> **What you should do**: Would you print the lines below exactly, beginning at the line that has "It enables earlier" and stopping after the line that has "4月13日,国统股份(002"? Only those lines, and no pictures.

> **Given data**:
- Opening Delimiter -

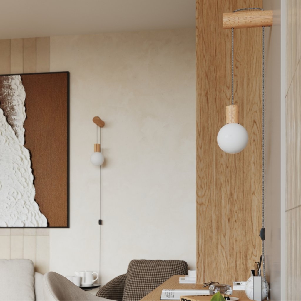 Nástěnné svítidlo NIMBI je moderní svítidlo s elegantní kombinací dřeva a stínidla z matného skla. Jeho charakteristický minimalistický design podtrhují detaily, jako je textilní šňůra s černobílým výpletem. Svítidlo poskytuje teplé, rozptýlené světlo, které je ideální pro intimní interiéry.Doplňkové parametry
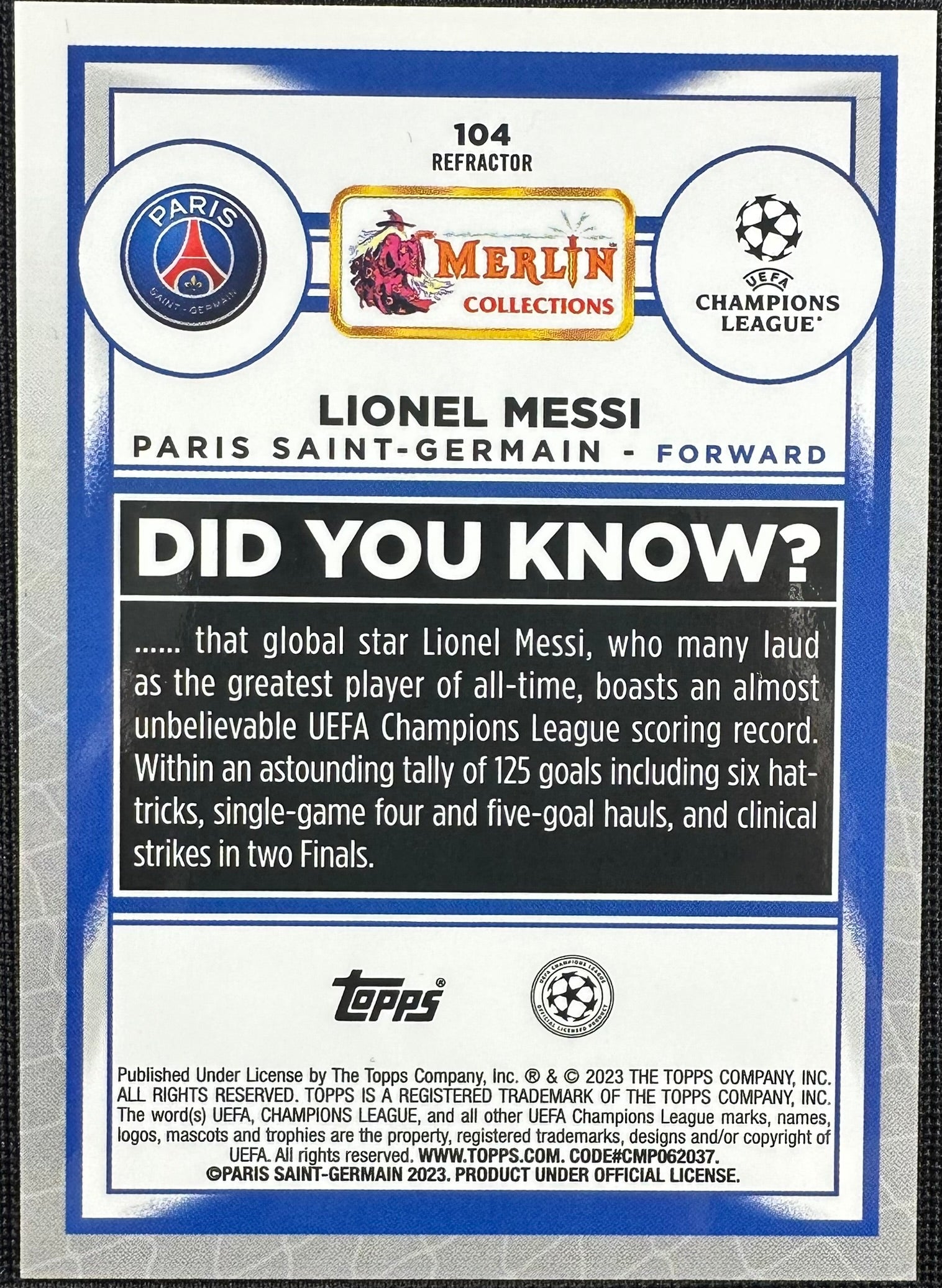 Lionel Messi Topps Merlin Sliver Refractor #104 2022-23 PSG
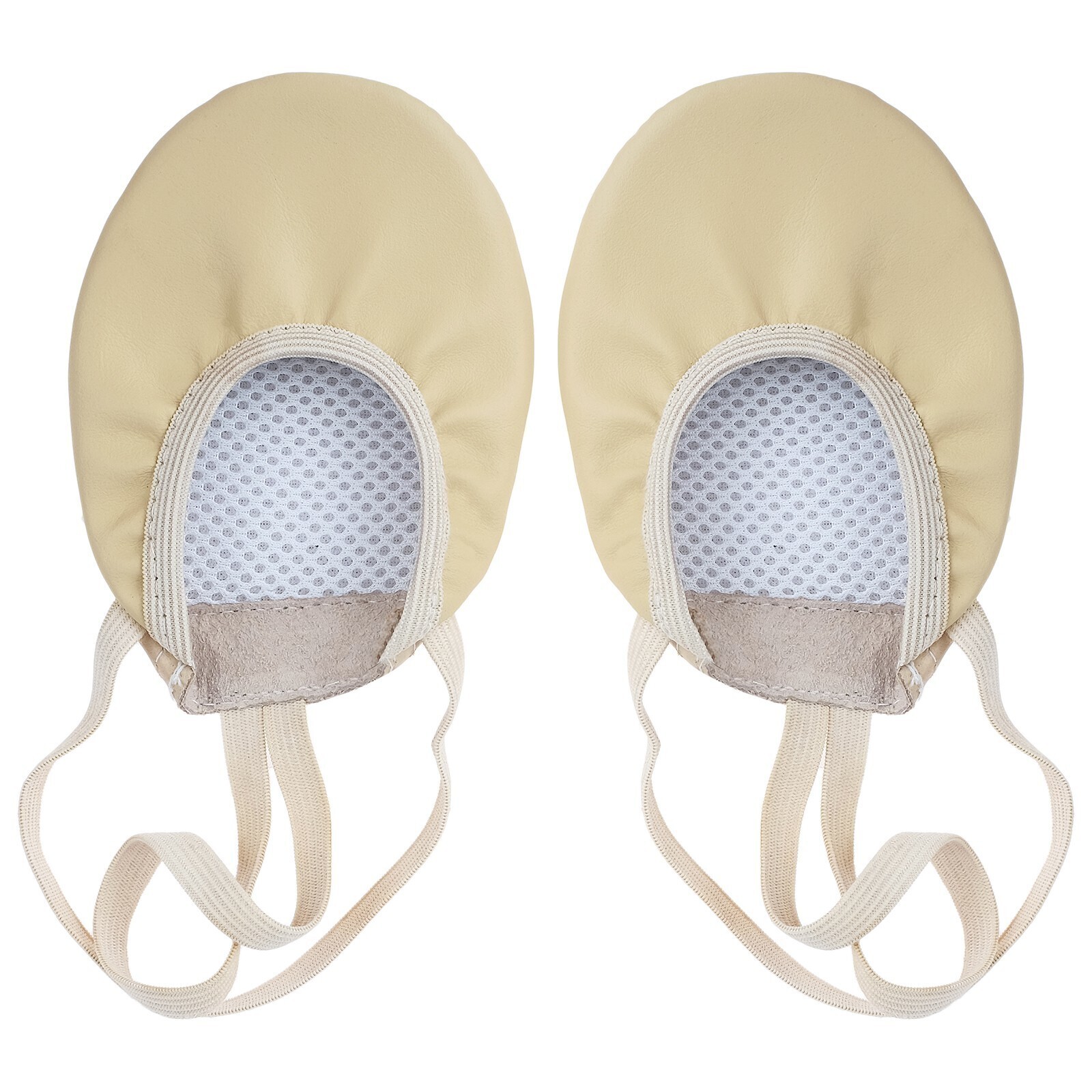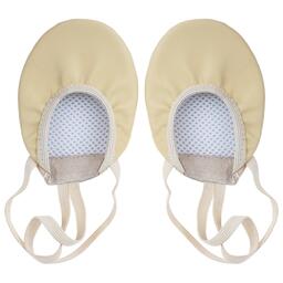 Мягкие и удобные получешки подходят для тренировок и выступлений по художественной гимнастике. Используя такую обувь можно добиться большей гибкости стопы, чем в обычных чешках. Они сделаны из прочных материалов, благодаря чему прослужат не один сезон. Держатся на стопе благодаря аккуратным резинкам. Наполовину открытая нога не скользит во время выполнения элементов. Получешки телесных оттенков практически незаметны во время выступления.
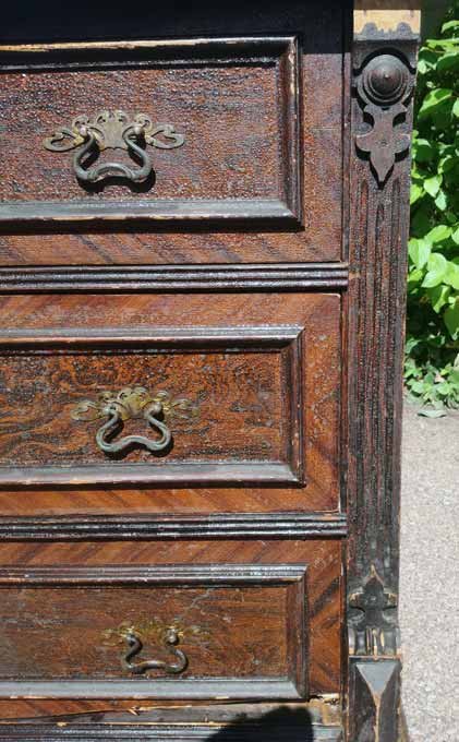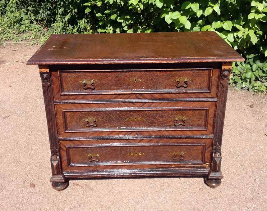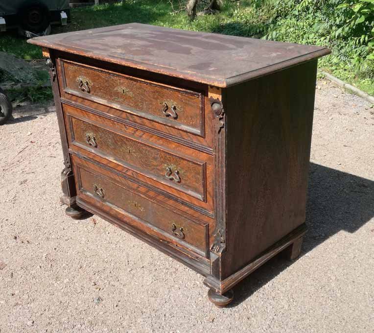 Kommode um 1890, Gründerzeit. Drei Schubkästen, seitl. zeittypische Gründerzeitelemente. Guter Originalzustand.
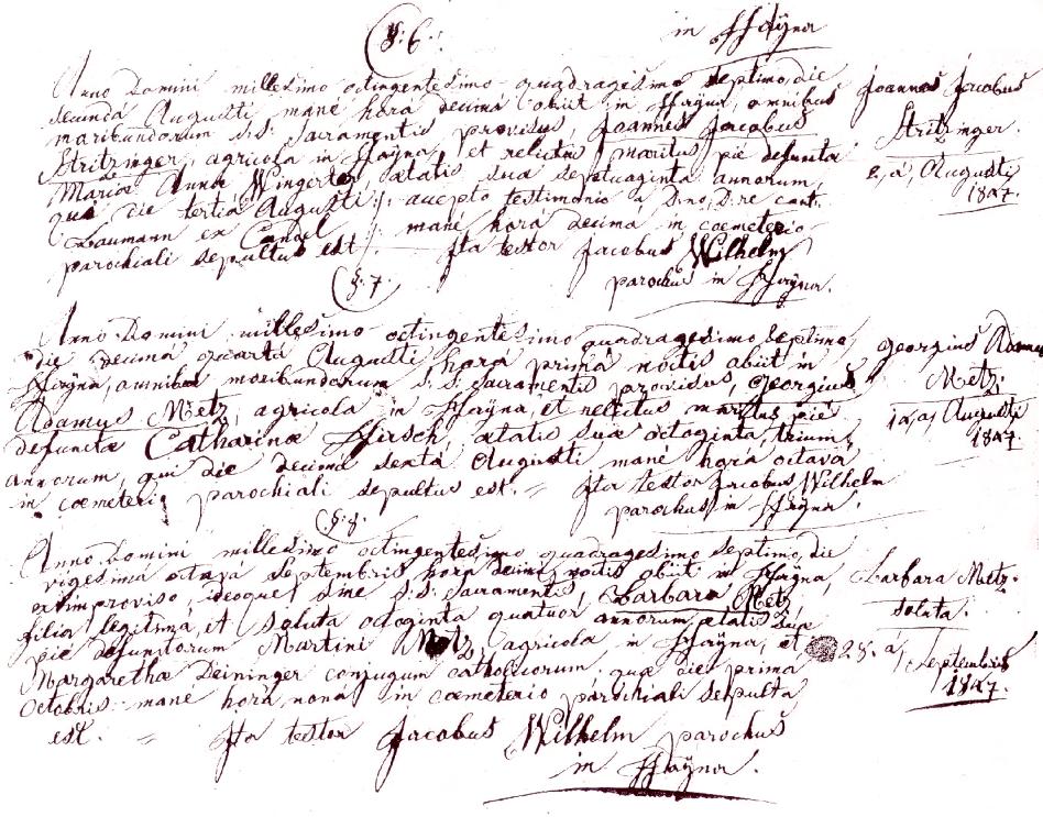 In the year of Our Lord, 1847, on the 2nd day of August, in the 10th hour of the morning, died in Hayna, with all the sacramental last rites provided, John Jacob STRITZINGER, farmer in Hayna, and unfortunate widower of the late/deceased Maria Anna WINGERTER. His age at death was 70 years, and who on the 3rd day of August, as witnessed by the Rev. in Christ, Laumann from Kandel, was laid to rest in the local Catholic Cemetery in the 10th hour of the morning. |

- Closing Delimiter -
- Opening Delimiter -

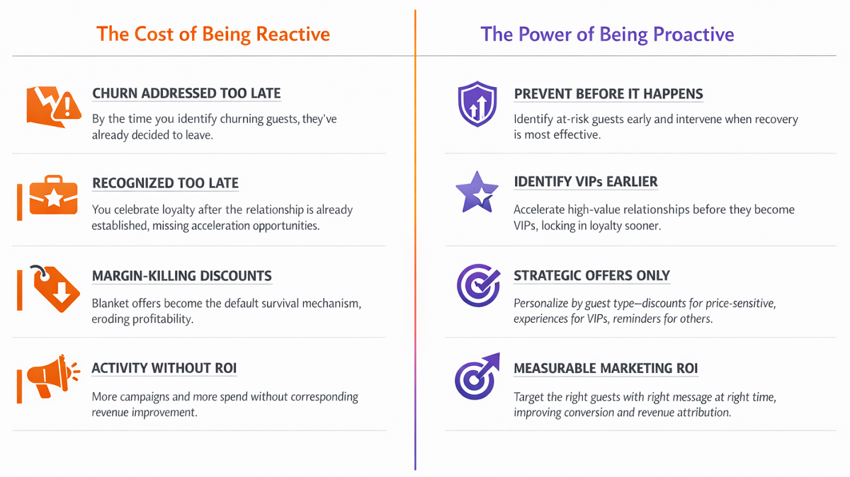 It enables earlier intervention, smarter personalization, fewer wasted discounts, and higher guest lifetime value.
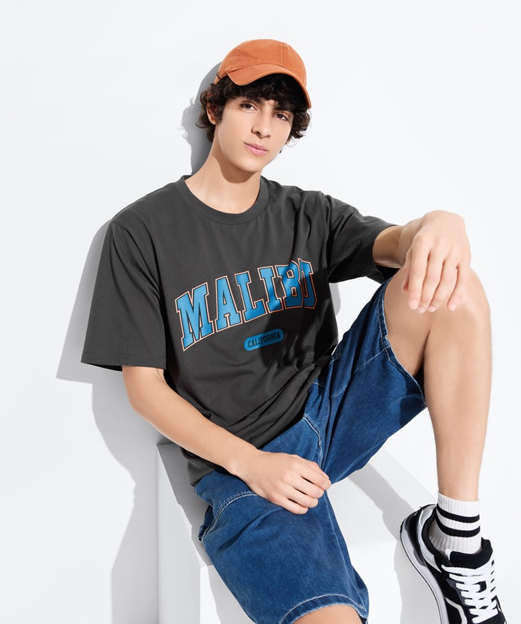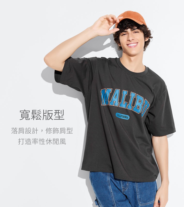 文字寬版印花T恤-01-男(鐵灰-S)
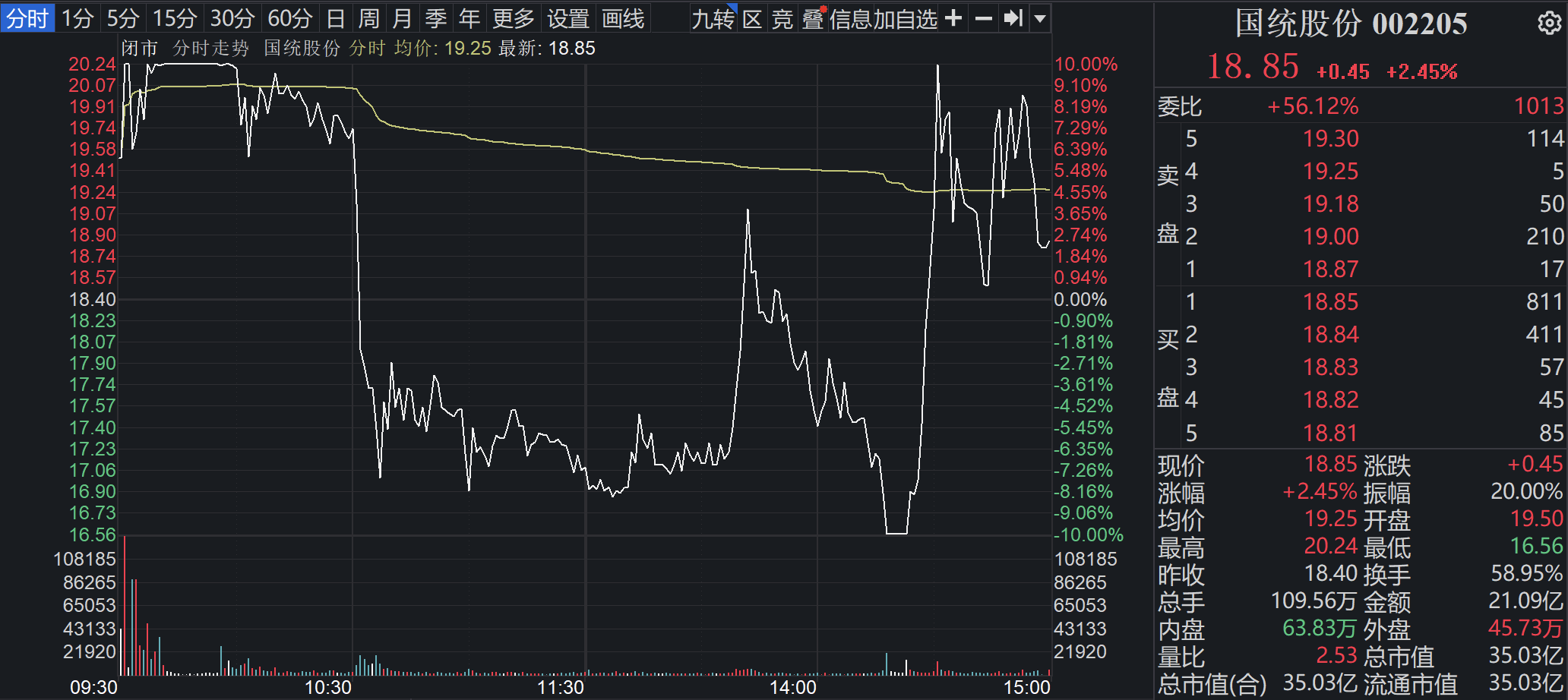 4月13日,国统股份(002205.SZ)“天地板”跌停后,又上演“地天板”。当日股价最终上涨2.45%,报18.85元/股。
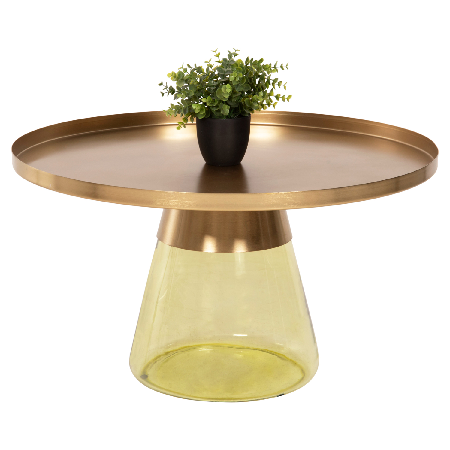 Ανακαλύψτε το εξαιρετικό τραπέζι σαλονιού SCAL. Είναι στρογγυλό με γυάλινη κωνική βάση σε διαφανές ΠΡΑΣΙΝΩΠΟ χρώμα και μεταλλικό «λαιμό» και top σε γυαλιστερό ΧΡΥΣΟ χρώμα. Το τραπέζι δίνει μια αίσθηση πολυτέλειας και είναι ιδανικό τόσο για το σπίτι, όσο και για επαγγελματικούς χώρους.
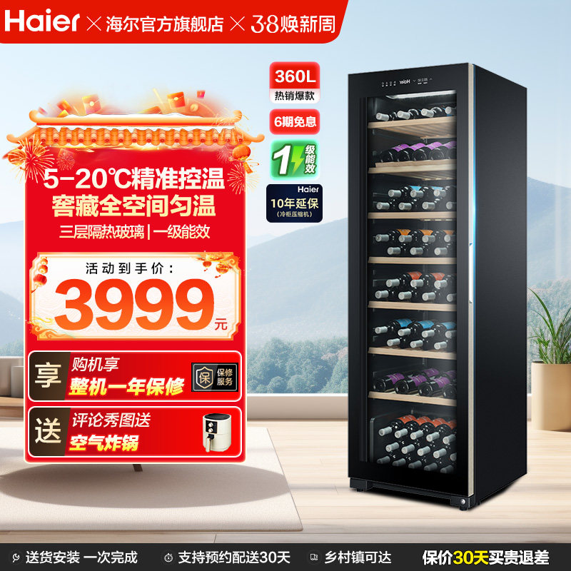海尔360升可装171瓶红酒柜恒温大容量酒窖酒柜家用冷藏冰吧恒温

- Closing Delimiter -

> **Result of this exercise**:
 It enables earlier intervention, smarter personalization, fewer wasted discounts, and higher guest lifetime value.
 文字寬版印花T恤-01-男(鐵灰-S)
 4月13日,国统股份(002205.SZ)“天地板”跌停后,又上演“地天板”。当日股价最终上涨2.45%,报18.85元/股。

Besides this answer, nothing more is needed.